After locating the line that contains "The LBNF Dream Team 2009" in the data below, set down exactly that line and each one after it through the line that contains "There were dozens", and nothing more.

-------- Information provided --------

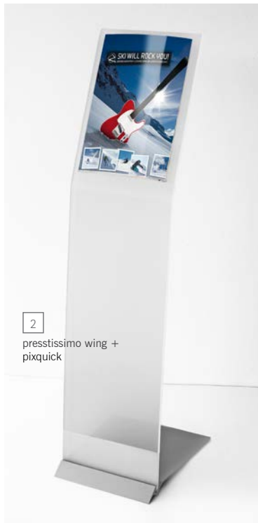
2 prestissimo wing + pixquick

prestissimo wing corpo in acrilico bisatinato prestissimo wing corpo aus beidseitig satiniertem acrylglas prestissimo wing corpo made of both side satin acrylic
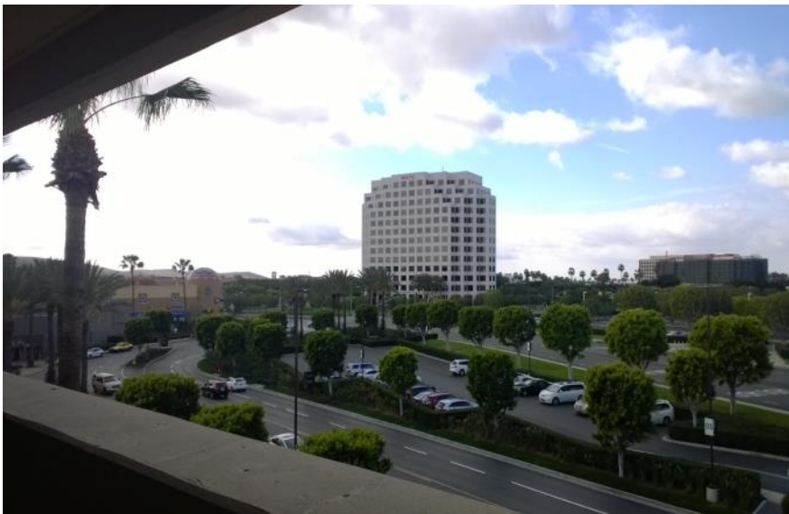
The View from the T. It was a cool, windy day and I was wishing I had my jacket after I got out of my car.

Circling around, I found a spot overlooking the Irvine Spectrum again. The bearing this time pointed directly at a parking structure. Uh oh, that could be fun. (it was). After winding my way up the many levels of the parking structure, I parked at the top and set out on foot. I quickly noticed another T-hunter, Karl, KF6MDF, making the rounds, a good sign that I was in the right place! Well, after a few transmissions we both seemed to decide it probably wasn't on the roof and that wouldn't have been enough fun, right? Why not sandwich the T in the middle of the parking structure somewhere, right? Well, as you can see from the above that's exactly what they did. It probably would have taken us longer to find the T if Karl hadn't heard suspicious laughter as he was investigating some cars. The hiders were trying to conceal their presence, but the close up view of a T-hunter swinging around his antenna was too much for them to bear. I wasn't too far behind Karl and before they could reset and regain their composure, I was on the scene as well. We were rewarded with drinks and goodies for our efforts, but I tried to remind myself that finishing second is almost as good and it means I get to hunt again next month.
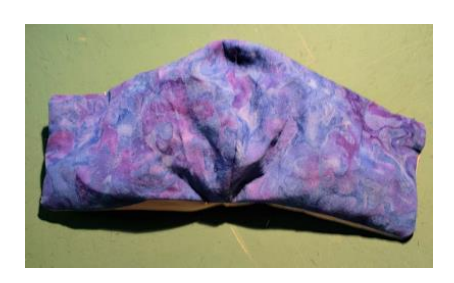
Trim the corners and then turn the mask inside out.
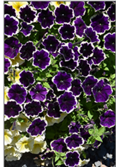
SureShot Blueberries & Cream Petunia flowers

SureShot Blueberries & Cream Petunia is a dense herbaceous annual with a trailing habit of growth, eventually spilling over the edges of hanging baskets and containers. Its medium texture blends into the garden, but can always be balanced by a couple of finer or coarser plants for an effective composition.
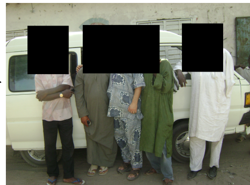
The LBNF Dream Team 2009

There were dozens of miracles, but first let me give you an overall summary of the work of the Spirit of Jesus. All villages were set up by M, Jehu, and E, all evangelists, the latter two interpreters for Kanuri, Hossa, Fulfulde, French and English.
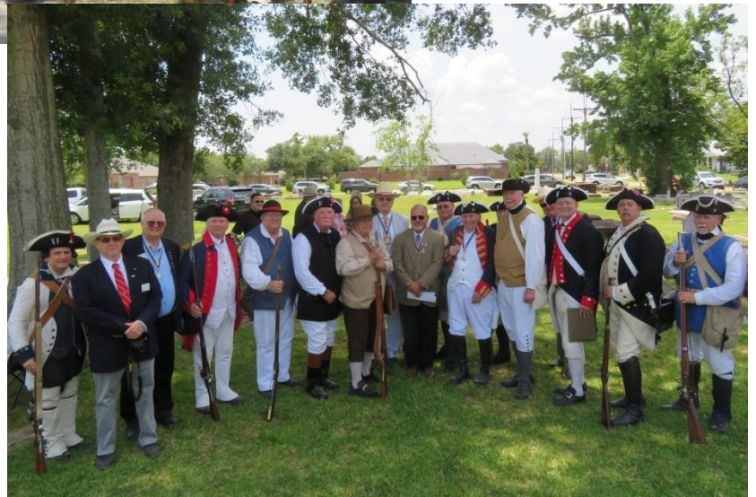
Grave Marking Ceremony in Lake Charles, LA
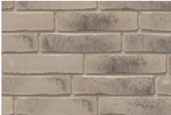
Amfora Rino Grey Eco-brick WF ± 210x65x50 mm
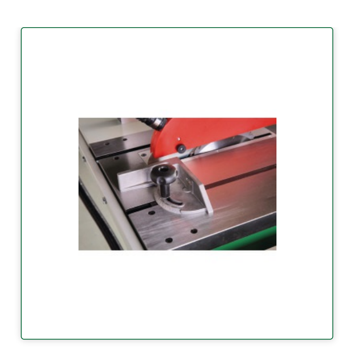
Angle stop included
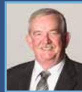
MAYOR DEREK CORRIGAN City of Burnaby

"We need to unite to protect the environment for all of our future generations. This is not just a First Nations issue. It's time to get busy developing energy alternatives. Tsleil-Waututh is developing businesses that will provide clean, renewable energy sources like wind power."
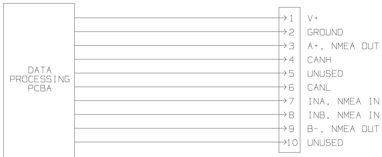
SOLDER LUG VIEW
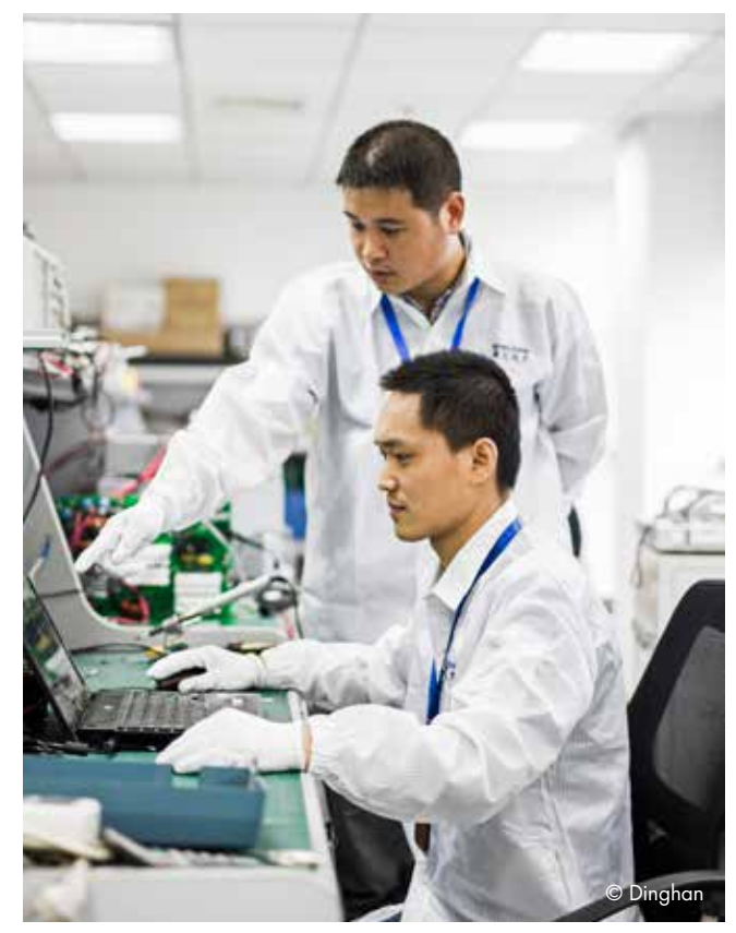
One of seven R&D facilities: Dinghan engineers working in the laboratory.

As the first European company to be acquired, SMA Railway
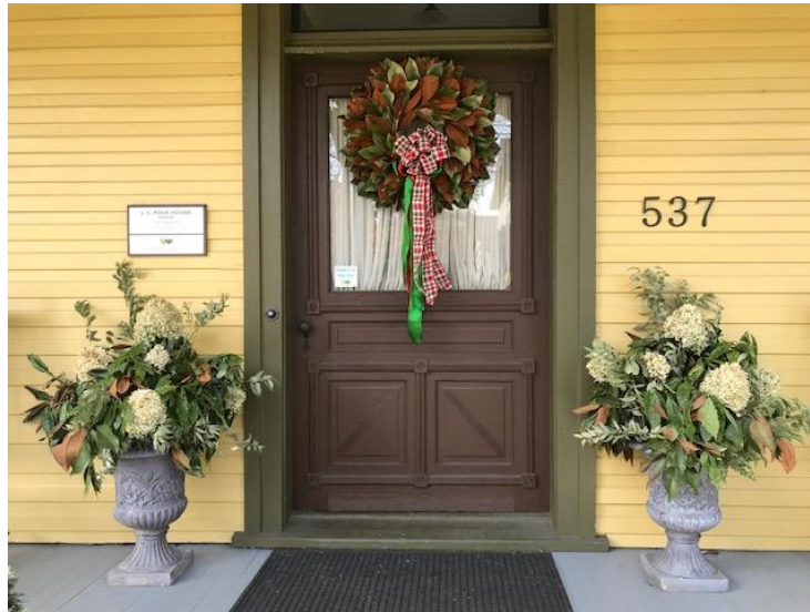
2- The entrance to the Polk House -- all dressed up for a Victorian style Christmas.

A second goal is educating our members on the Christmas decorating traditions of the Victorian era. The Victorians created Christmas decorating as we know it – from Christmas cards to the decorated tree. They used their imagination and things found in nature to decorate their trees. It inspires us to re-connect with our natural world meeting an objective our garden club holds dear. Besides... it was fun and inspiring to keep our decorating traditions alive.

--------

**Completed exercise:**
The LBNF Dream Team 2009

There were dozens of miracles, but first let me give you an overall summary of the work of the Spirit of Jesus. All villages were set up by M, Jehu, and E, all evangelists, the latter two interpreters for Kanuri, Hossa, Fulfulde, French and English.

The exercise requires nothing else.